One thing that might be used to identify Tavish (who would now be 29 years old) is a quarter-inch surgical scar on his buttock.

(Sorry this is a day late. Been sick.)

Things can always be worse

From Sunday to Tuesday I was down and out with a stomach upset. In between lying in bed groaning and making many many trips to the bathroom, I was reading a book about the African nation formerly known as Swaziland, renamed Eswatini a few years ago.

Now, I do not wish to get into a political discussion on here but due to some current events a lot of Americans right now are very concerned about political officials’ corruption and abuse of power. But I’m here to remind you that there are parts of the world where things can be a lot worse, and there’s a missing persons element to the story as well.

Twentyish years ago, an 18-year-old Swazi high school student didn’t return home from school one day. She’d been about to take her A levels (the university entrance/placement exams in the British education system; Eswatini is a former British colony) and planned to go to university and eventually become a lawyer. But then she was gone.

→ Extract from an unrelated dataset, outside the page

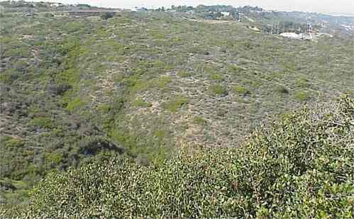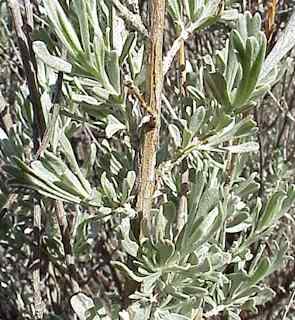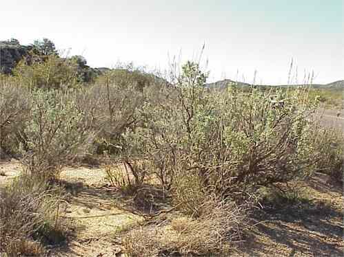 On dry rocky slopes, big sagebrush often occurs in mixed communities with other shrubs or small trees. An example of this is seen below, where a rocky hillside on the outskirts of San Diego (California) is covered with big sagebrush (grey-green areas), Ephedra species, and low-growing oaks (foreground and the brighter green areas) such as shrub live oak and emory oak GO TO: |

It turned out the king had decided he had a liking to her, and wanted to marry her. His way of proposing was to have some of his palace guards (goons) kidnap the girl off the street, force her into a vehicle and drive her to the royal compound.

Days passed before her family found out where she was and what had happened.

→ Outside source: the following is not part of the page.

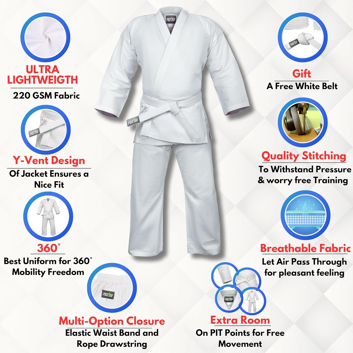Step onto the mat with confidence in our Lightweight Karate Gi, meticulously crafted for practitioners of karate and taekwondo alike. This Karate Uniform Gi is engineered from premium lightweight fabric, this uniform ensures optimal performance during intense training sessions. With its breathable design and freedom of movement, you’ll execute kicks and strikes with precision and ease. Whether you’re a dedicated karate or a taekwondo enthusiast, this our Gi Karate uniform offers the perfect blend of comfort and durability to support your martial arts journey. Complete with a matching belt, our Lightweight Karate Gi embodies the essence of discipline, focus, and determination. Elevate your training experience and unleash your full potential with our premium martial arts uniform.

The girl’s mother (a single parent, dad had died) was extremely upset by this, as you might imagine, especially because her daughter was a minor (21 is the age of majority there) and the king had acted without consent from either mother or daughter. She actually went to the courts to try to get her child back, but the case didn’t go anywhere, because in Swaziland/Eswatini the king’s word is law. He’s an absolute monarch.

The kidnapping did not come out of nowhere. The king had previously expressed his interest in the girl, who did NOT want to marry this lout and be condemned to a life of (as the book I was reading put it) “luxurious tedium”. She and her mom contemplated leaving the country to avoid something like what wound up happening, but decided to stay after finding out that, per Swazi tradition, the king cannot marry a woman who’s a twin. This girl was a twin; she had a twin brother. So she thought: Whew, I’m safe.

Well, it turns out Swazi tradition is whatever the king says it is. And if he decides Swazi tradition will make an exception in this case, it will. Hence, the abduction and forced marriage. The eighteen-year-old Swazi girl became his tenth wife, all her career and education dreams gone.

I want to emphasize that this occurred in like 2001 or 2002. The same century in which we live now. It sounds straight-up medieval.

As bad as things have gotten here with corruption and abuses of power… I can walk safe in the street knowing no U.S. president will ever have his goons kidnap me and force me into marriage, and no U.S. court would ever let the president do it if he tried.